Salgo del hotel con la cabeza agachada. Un guardia en la entrada me observa, y me doy cuenta de que es un automotel. Siento el calor subir a mis mejillas. La vergüenza me ahoga. Camino apresurada, tratando de cubrir mi cuerpo con la chaqueta. Detengo un taxi; por suerte se detiene.

—Por favor, lléveme a la carretera norte —digo con voz quebrada—. Le indicaré la calle cuando estemos cerca.

El taxista me observa a través del espejo retrovisor. Esa mirada sucia, cargada de lascivia, me hace desear desaparecer. Seguramente piensa que soy una cualquiera.

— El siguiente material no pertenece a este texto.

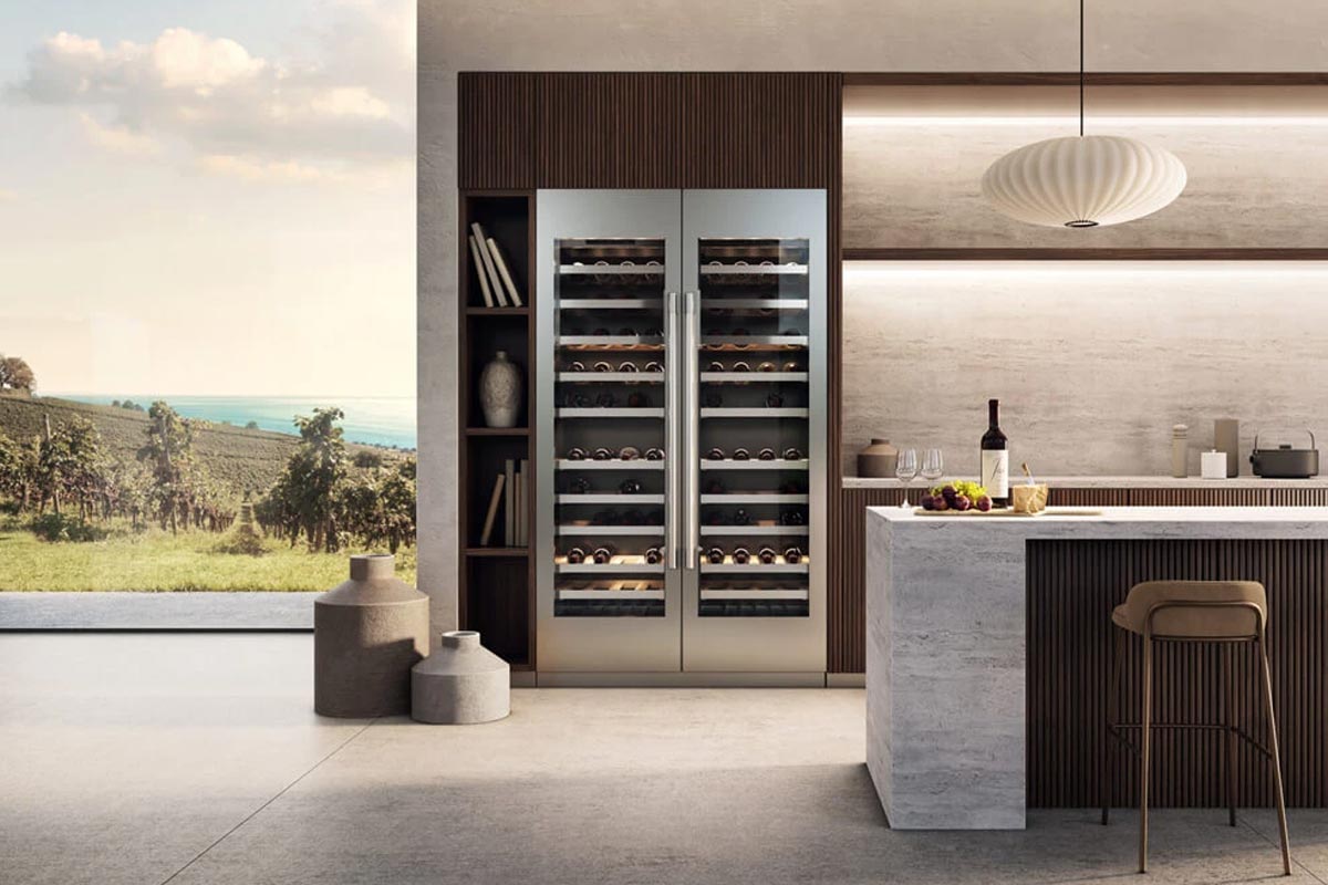La cantina vino mostrata nel video si inserisce proprio in questa logica. Il modello da 24 pollici, pari a circa 60 cm, introduce tre zone regolabili per temperatura e umidità, ripiani in legno di faggio naturale, cerniera reversibile, connessione Wi-Fi e possibilità di personalizzazione della cornice in funzione del progetto cucina. Diventa così un esempio efficace della visione SKS: conservazione professionale, controllo da remoto e attenzione al dettaglio estetico.

Maldigo en silencio el vestido ajustado que llevo, la pintura corrida en mis labios, las huellas de una noche que no pedí. No quiero ni imaginar qué aspecto tengo.

Llevo una semana evitando el trabajo, inventando excusas para no regresar al club. Le conté a mi jefe lo que pasó con Diego, esperando que al menos me escuchara, pero su respuesta fue tan fría como un puñal.

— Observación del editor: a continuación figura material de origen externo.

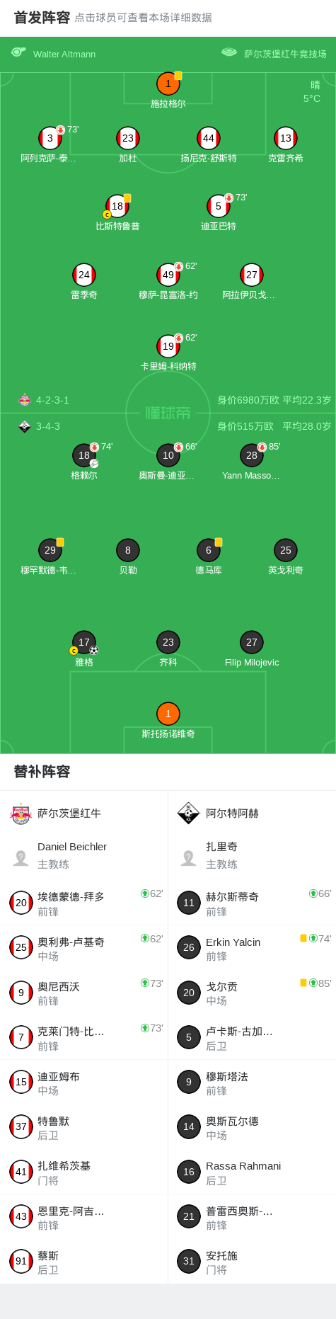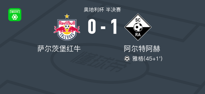 阿尔特阿赫1-0萨尔茨堡红牛,雅格制胜战报bot @懂球帝03-05 02:56北京时间3月5日奥地利杯 半决赛,萨尔茨堡红牛对阵阿尔特阿赫。阿尔特阿赫雅格破门。最终比分萨尔茨堡红牛 0-1 阿尔特阿赫。点击查看本场比赛详细数据>>精彩瞬间上半场补时第1分钟,阿尔特阿赫球员格赖尔助攻雅格打入一球。 球队阵容 技术统计 展开更多

—Diego es uno de nuestros mejores clientes. No creo que quisiera sobrepasarse contigo. Tú aceptaste su bebida, Zaira. Así que, si pasó algo, es tu culpa.

No dije más. No valía la pena. Salí de allí con el alma en pedazos.

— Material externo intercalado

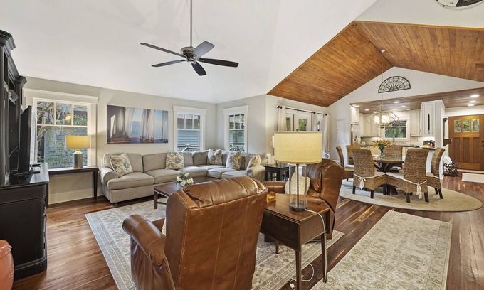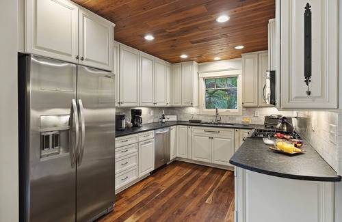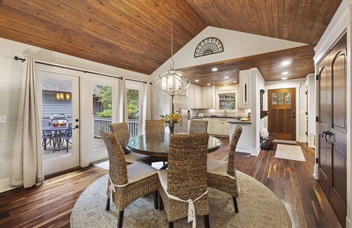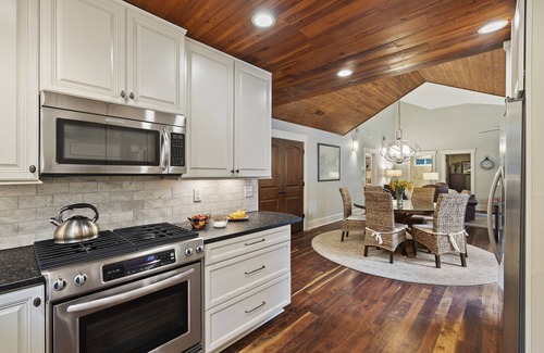 Entering the cottage, you'll be impressed by the expansive open floor-plan and gorgeous wood-plank vaulted ceiling. The remodeled kitchen features custom cabinets and countertops, tile backsplash, and modern stainless steel appliances. A triple glass door in the dining room opens to the back deck - the ideal place for grilling, dining al fresco, or relaxing with the sounds of the ocean nearby.

Karen, mi compañera, me dijo que vio esa noche cuando salí con un desconocido que no era Diego. Me comentó que el tipo era de buen vestir, que se notaba que tenía dinero, pero también que estaba ebrio. Me miró con lástima. No le supe responder. ¿Qué podía decirle si ni yo entendía qué había pasado?

Sacudo la cabeza, tratando de alejar esos recuerdos que me atormentan. Miro nuevamente los recibos y las cartas del abogado sobre la mesa. Las deudas siguen ahí, tan reales como mi culpa.

¿Por qué debo cargar con todo esto yo sola? ¿Por qué mi hermana no puede hacerlo también?

Pero sé la respuesta. Porque siempre he sido yo quien sostiene esta casa, quien paga los platos rotos, quien se mancha las manos para mantenernos a flote.

Y aun así el precio que he pagado es demasiado alto.